Work required: Please keep to the lines below from the one with "Women's White /" through the one with "Rue de cafés", and restate them word for word, ends included.

Listed records:

━━━━━━━━━━━━━━━━━━━━

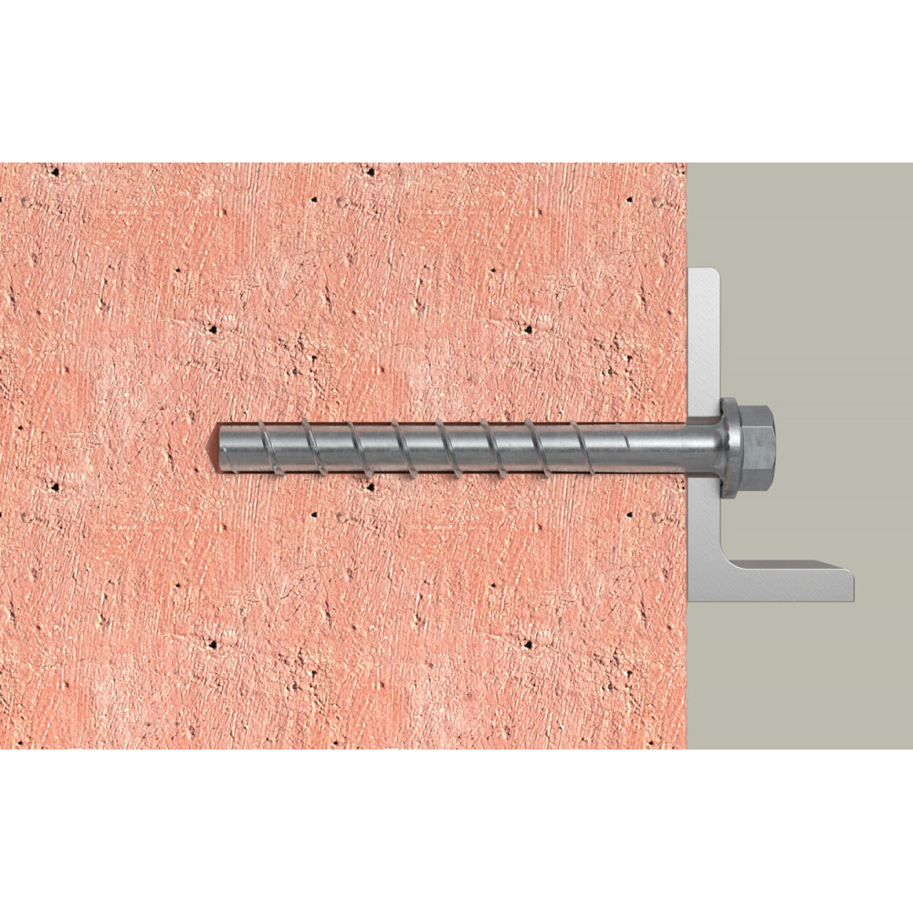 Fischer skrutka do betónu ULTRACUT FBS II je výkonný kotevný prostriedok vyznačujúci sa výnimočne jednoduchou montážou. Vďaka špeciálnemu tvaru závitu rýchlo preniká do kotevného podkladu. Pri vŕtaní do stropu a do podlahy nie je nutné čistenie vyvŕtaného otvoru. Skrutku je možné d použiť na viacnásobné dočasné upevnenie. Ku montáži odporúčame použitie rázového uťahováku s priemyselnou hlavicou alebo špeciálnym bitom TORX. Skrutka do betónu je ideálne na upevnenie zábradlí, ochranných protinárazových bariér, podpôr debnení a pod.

━━━━━━━━━━━━━━━━━━━━

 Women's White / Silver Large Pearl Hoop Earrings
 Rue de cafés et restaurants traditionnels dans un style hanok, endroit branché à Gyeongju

━━━━━━━━━━━━━━━━━━━━

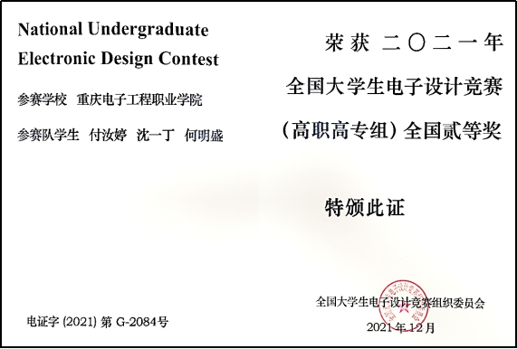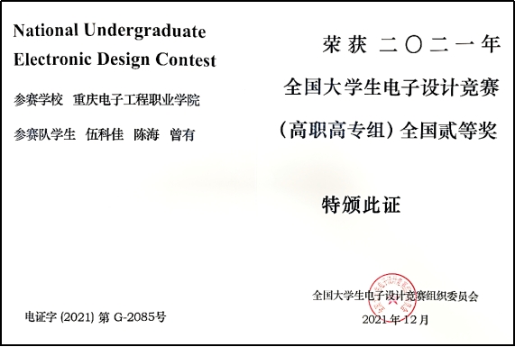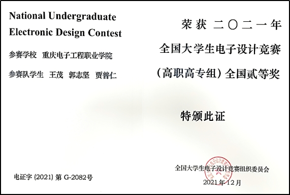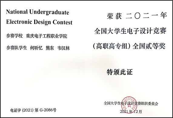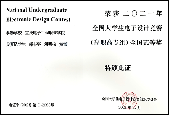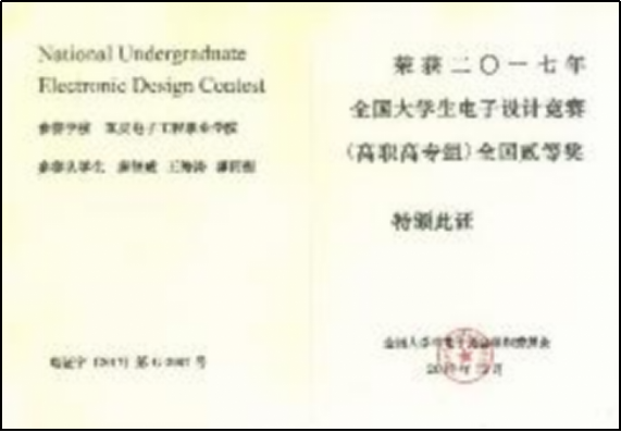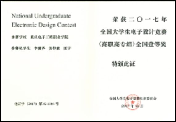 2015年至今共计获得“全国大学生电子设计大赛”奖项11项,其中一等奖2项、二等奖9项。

━━━━━━━━━━━━━━━━━━━━

Answer space:
 Women's White / Silver Large Pearl Hoop Earrings
 Rue de cafés et restaurants traditionnels dans un style hanok, endroit branché à Gyeongju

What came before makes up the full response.